| Goal of the exercise |
Repeat the data that follows exactly, starting at the line with "रितेश देशमुख ने" and ending at the line with "Black Tie Split Midi Skirt", and leave out every picture.

| Dataset |
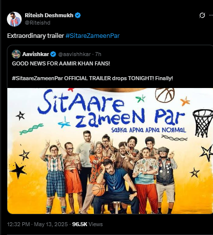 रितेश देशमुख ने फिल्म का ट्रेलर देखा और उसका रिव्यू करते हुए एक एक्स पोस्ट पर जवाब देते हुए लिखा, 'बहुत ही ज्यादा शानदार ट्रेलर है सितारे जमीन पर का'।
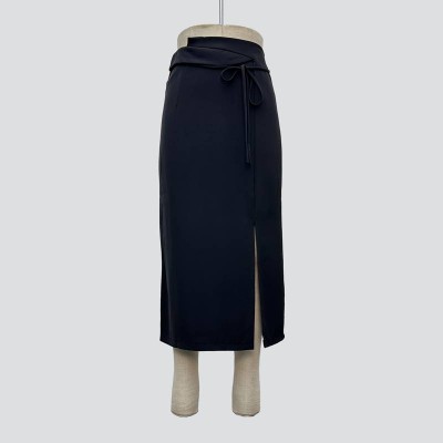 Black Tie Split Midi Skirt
--
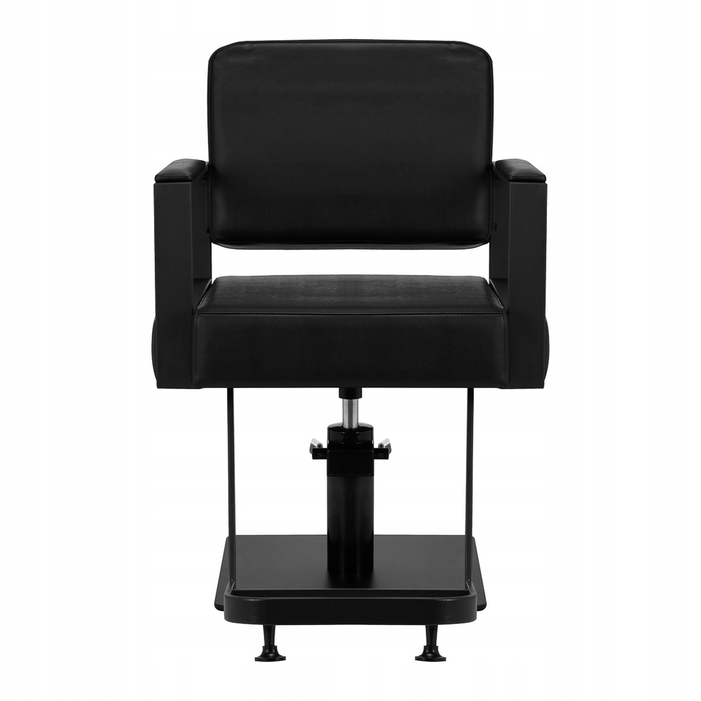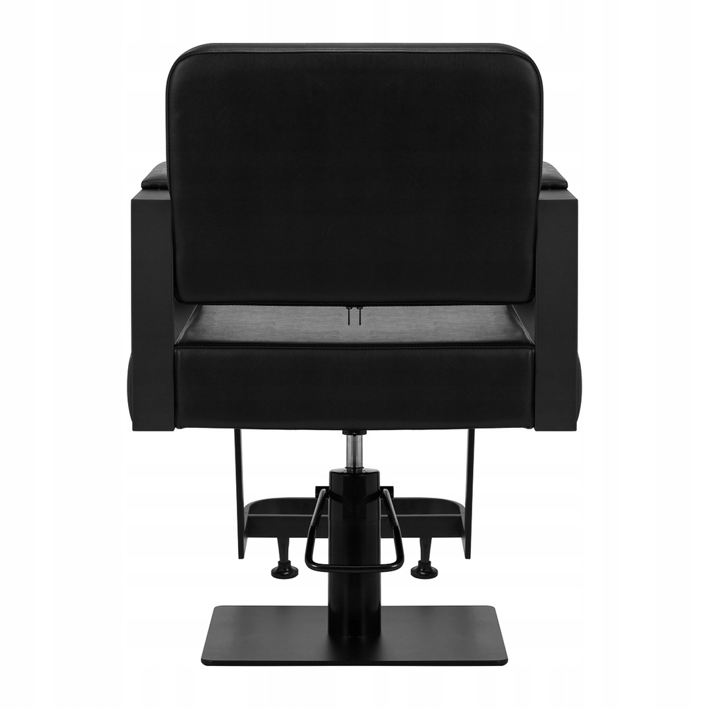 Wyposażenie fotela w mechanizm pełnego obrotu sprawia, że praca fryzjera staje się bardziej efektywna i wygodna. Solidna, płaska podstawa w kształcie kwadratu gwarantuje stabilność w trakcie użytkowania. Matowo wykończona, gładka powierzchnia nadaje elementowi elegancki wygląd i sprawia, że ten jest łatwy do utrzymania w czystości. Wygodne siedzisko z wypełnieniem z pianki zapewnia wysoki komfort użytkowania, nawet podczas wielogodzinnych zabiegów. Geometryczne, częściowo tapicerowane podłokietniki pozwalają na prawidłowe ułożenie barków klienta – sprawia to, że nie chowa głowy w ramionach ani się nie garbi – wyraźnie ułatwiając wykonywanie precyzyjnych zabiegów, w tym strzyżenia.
==
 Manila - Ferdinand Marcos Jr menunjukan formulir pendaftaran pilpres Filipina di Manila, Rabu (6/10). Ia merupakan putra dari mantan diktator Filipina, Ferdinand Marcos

| Response to this task |
 रितेश देशमुख ने फिल्म का ट्रेलर देखा और उसका रिव्यू करते हुए एक एक्स पोस्ट पर जवाब देते हुए लिखा, 'बहुत ही ज्यादा शानदार ट्रेलर है सितारे जमीन पर का'।
 Black Tie Split Midi Skirt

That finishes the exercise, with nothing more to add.